- Born: December 28, 1971 (age 54) Petropolis, Brazil
- Education: Federal University of Rio de Janeiro
- Known for: Newton-X and Mixed quantum-classical dynamics
- Awards: Amidex Chair of Excellence ERC Advanced Grant Institut Universitaire de France
- Scientific career
- Fields: Theoretical Chemistry
- Workplaces: Aix Marseille University (current) Institut Universitaire de France (current) Max Planck Institute for Coal Research University of Vienna

= Mario Barbatti =

Brazilian chemist (born 1971)

Mario Barbatti (born December 28, 1971) is a Brazilian physicist, computational theoretical chemist, and writer. He is specialized in the development and application of mixed quantum-classical dynamics for the study of molecular excited states. He is also the leading developer of the Newton-X software package for dynamics simulations. Mario Barbatti held the Amidex Chair of Excellence at Aix Marseille University between 2015 and 2019, and has been a professor there since 2015.

== Honors and awards ==
- 2026: Senior member of the Institut Universitaire de France.
- 2021: Fellow of the European Academy of Sciences.
- 2021: Senior member of the Institut Universitaire de France.
- 2019: Opening lecture of the XX Brazilian Symposium of Theoretical Chemistry.
- 2019: ERC Advanced Grant. Mario Barbatti has been the first Brazilian scientist and the first computational chemist in France to receive this research grant.
- 2015: A*Midex Chair of Excellence.

== Scientific contributions, interests, and production ==
By the end of 2025, Mario Barbatti had published over 200 scientific works, which had been cited about 16000 times (h-index 65).

Since 2007, Barbatti has been the leading developer of the Newton-X platform, a software collection for dynamics and spectrum simulations, using surface hopping and the nuclear ensemble approach. Using dynamics and other quantum chemical methods, his research has focused on simulations of the ultrafast photochemistry and photophysics of organic molecules.

Among his main contributions, Barbatti, in collaboration with Hans Lischka, delivered a comprehensive map of the internal conversion channels of nucleobases. These results help to explain how DNA is stabilized after UV excitation.

Although Barbatti's research has been strongly oriented towards photoinduced processes in nucleic acids, he and his co-workers have contributed to many different sub-fields.

In 2013, in collaboration with Walter Thiel, they showed how UV irradiation can generate nucleobases out of inorganic components. Although this chemical reaction has been known since the 1960s, their work was the first one to unveil the exact reaction mechanism.

Barbatti also discovered a new internal conversion mechanism, allowing molecules to quickly return to the ground state. In this mechanism, a conical intersection between the ground and the excited electronic states is formed by an electron transfer from the solvent to the excited chromophore. This solvent-chromophore electron-transfer mechanism has been predicted to occur in 7H-adenine in water.

Barbatti and his colleagues at the Federal University of Paraiba have shown that CH...Cl hydrogen bonds can be formed in small molecules in the gas phase. This type of bond had previously been observed only in densely packed crystal structures.

He has also contributed on topics in organic photodevices, astrochemistry, and atmospheric photochemistry.

Currently, Barbatti and his team—the Light and Molecules group —are focusing on method developments, attempting to extend the excited-state simulation methods into the nanosecond regime. In a collaboration with Pavlo Dral and Walter Thiel, they implemented one of the first algorithms for nonadiabatic dynamics using machine learning.

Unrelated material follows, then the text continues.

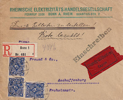 Inlandsbrief mit Einschreiben und Eilzustellung (21-100 g) vom 27.10.1922 frankiert mit 3 Marken a 6 Mark (=18 Mark, 8 Brief 4 Einschreiben 6 Eilzustellung) |

== Popularization and presence in the media ==
Some of the main results from Barbatti's work have been picked up by diverse news outlets. These media have dedicated special attention to his research on internal conversion of nucleobases, prebiotic reactions, and new chemical reactions and mechanisms. His work is also popularized through blog posts on his group website and YouTube channel.